> _Exercise material_
####################

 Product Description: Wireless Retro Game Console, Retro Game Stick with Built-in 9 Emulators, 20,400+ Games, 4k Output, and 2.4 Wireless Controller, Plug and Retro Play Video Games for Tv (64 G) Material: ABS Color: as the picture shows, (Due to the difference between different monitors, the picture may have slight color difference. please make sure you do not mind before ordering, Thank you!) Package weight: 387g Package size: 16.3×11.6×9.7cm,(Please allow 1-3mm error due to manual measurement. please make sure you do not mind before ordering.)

####################

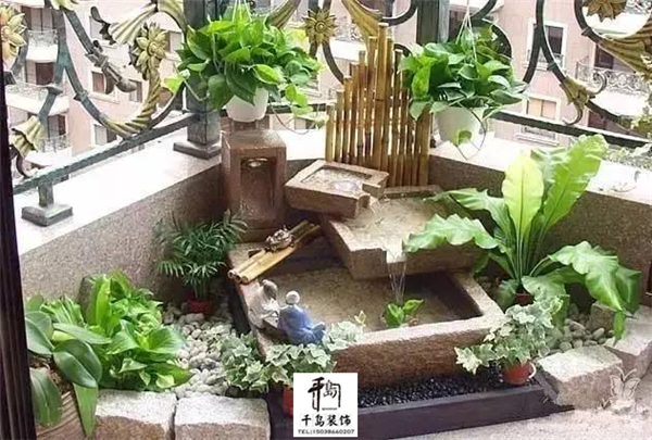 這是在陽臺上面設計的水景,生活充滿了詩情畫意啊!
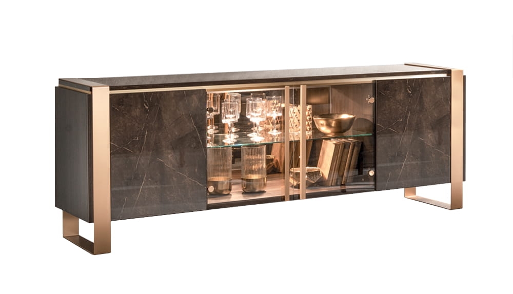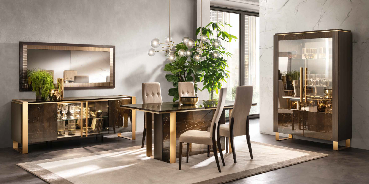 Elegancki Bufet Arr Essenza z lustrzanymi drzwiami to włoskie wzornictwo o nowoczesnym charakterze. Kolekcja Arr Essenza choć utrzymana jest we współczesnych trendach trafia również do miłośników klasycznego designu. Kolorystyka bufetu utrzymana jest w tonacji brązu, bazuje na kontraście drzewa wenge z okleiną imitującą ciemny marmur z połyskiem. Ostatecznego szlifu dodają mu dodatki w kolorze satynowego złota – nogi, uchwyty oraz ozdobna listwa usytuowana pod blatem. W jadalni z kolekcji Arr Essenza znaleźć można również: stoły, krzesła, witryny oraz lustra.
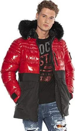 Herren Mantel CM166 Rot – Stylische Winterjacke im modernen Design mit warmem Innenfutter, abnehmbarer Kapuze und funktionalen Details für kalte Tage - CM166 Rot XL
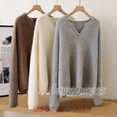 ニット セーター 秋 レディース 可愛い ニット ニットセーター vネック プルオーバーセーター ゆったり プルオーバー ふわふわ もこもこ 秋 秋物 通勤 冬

####################

Using the listing above, reproduce word for word every line from the one containing "Herren Mantel CM166" through the one containing "ニット セーター 秋 レディース". Pictures must be left out.

> _Output_
 Herren Mantel CM166 Rot – Stylische Winterjacke im modernen Design mit warmem Innenfutter, abnehmbarer Kapuze und funktionalen Details für kalte Tage - CM166 Rot XL
 ニット セーター 秋 レディース 可愛い ニット ニットセーター vネック プルオーバーセーター ゆったり プルオーバー ふわふわ もこもこ 秋 秋物 通勤 冬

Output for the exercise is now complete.